*Problem requirements*
Word for word, restate the lines of the listing below from the line with "Video of a dog" through the line with "升壓變換器與BUCK變換器有", and do not include the pictures.
[Data for this exercise — start]
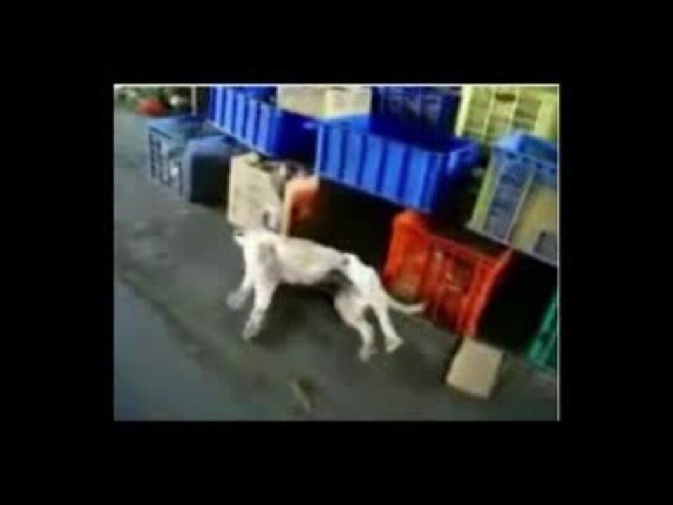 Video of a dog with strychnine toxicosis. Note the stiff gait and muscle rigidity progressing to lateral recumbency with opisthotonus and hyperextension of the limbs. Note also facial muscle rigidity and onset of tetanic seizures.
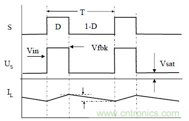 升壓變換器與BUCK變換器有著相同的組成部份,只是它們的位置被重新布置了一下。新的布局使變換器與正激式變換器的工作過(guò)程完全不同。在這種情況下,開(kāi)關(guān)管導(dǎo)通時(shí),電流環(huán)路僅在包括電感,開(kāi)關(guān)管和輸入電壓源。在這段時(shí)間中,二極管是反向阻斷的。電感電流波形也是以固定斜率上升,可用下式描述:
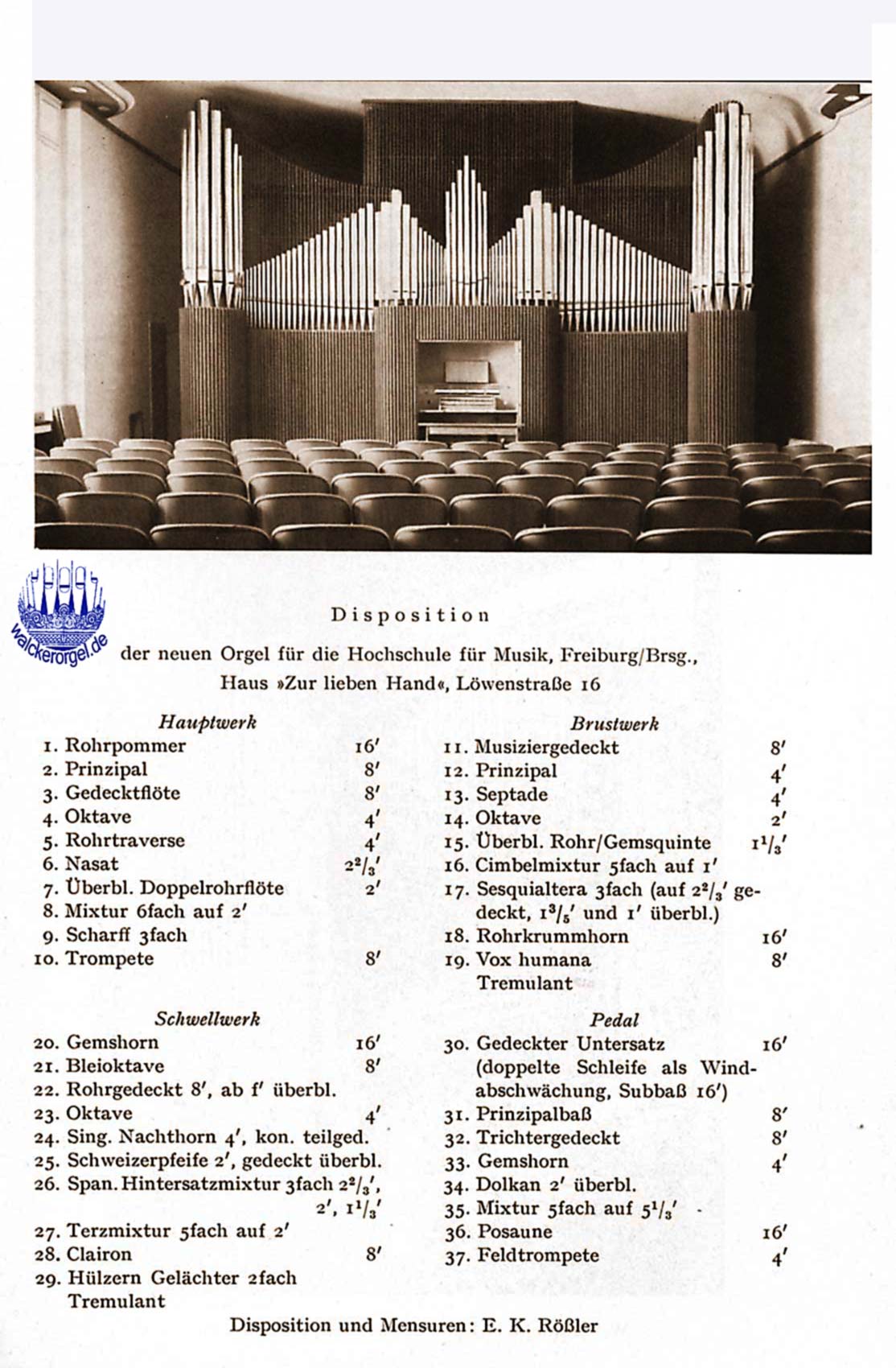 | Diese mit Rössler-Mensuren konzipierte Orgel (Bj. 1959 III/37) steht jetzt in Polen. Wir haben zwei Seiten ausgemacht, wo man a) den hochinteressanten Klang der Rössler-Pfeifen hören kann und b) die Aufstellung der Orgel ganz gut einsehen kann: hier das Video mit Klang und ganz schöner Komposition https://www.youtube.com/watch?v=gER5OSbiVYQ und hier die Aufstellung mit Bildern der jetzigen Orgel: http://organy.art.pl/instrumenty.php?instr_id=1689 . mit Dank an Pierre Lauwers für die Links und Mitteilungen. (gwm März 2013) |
[Data for this exercise — finish]
[Data for this exercise — start]
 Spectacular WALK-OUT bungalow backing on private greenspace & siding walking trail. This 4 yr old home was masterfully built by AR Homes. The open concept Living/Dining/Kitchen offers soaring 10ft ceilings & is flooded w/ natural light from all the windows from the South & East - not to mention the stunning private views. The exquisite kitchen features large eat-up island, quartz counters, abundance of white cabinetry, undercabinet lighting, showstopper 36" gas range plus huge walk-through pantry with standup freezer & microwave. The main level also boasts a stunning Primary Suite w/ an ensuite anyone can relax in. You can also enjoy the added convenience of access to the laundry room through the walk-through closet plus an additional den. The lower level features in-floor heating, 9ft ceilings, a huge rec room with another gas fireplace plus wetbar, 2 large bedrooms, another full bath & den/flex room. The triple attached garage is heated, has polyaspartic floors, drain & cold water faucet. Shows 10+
[Data for this exercise — finish]
[Data for this exercise — start]
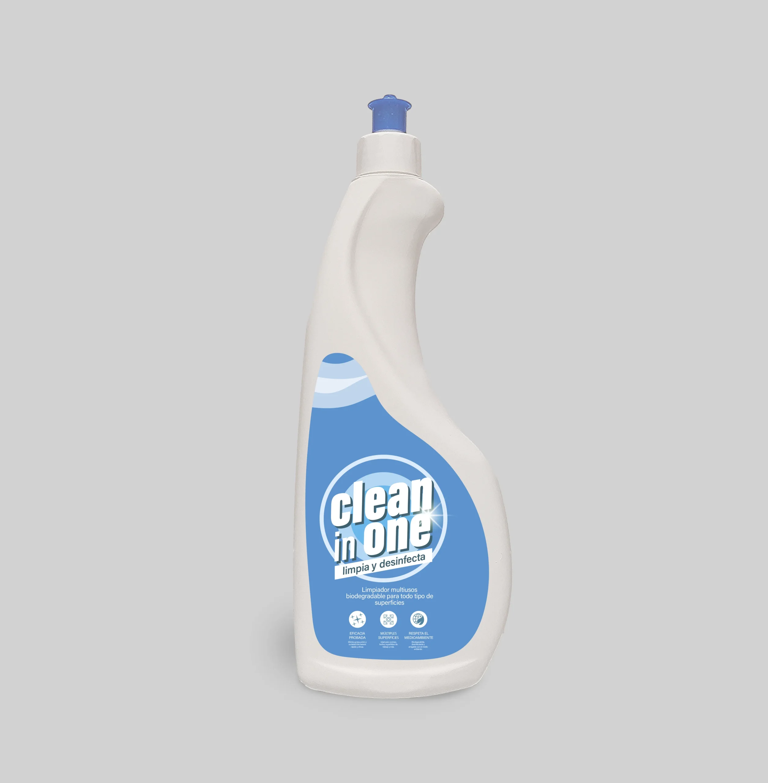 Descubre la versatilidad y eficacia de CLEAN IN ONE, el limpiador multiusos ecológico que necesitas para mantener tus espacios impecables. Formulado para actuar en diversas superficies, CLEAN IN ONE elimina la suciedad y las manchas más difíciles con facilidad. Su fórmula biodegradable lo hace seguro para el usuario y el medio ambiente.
[Data for this exercise — finish]
*Answer box*
 Video of a dog with strychnine toxicosis. Note the stiff gait and muscle rigidity progressing to lateral recumbency with opisthotonus and hyperextension of the limbs. Note also facial muscle rigidity and onset of tetanic seizures.
 升壓變換器與BUCK變換器有著相同的組成部份,只是它們的位置被重新布置了一下。新的布局使變換器與正激式變換器的工作過(guò)程完全不同。在這種情況下,開(kāi)關(guān)管導(dǎo)通時(shí),電流環(huán)路僅在包括電感,開(kāi)關(guān)管和輸入電壓源。在這段時(shí)間中,二極管是反向阻斷的。電感電流波形也是以固定斜率上升,可用下式描述:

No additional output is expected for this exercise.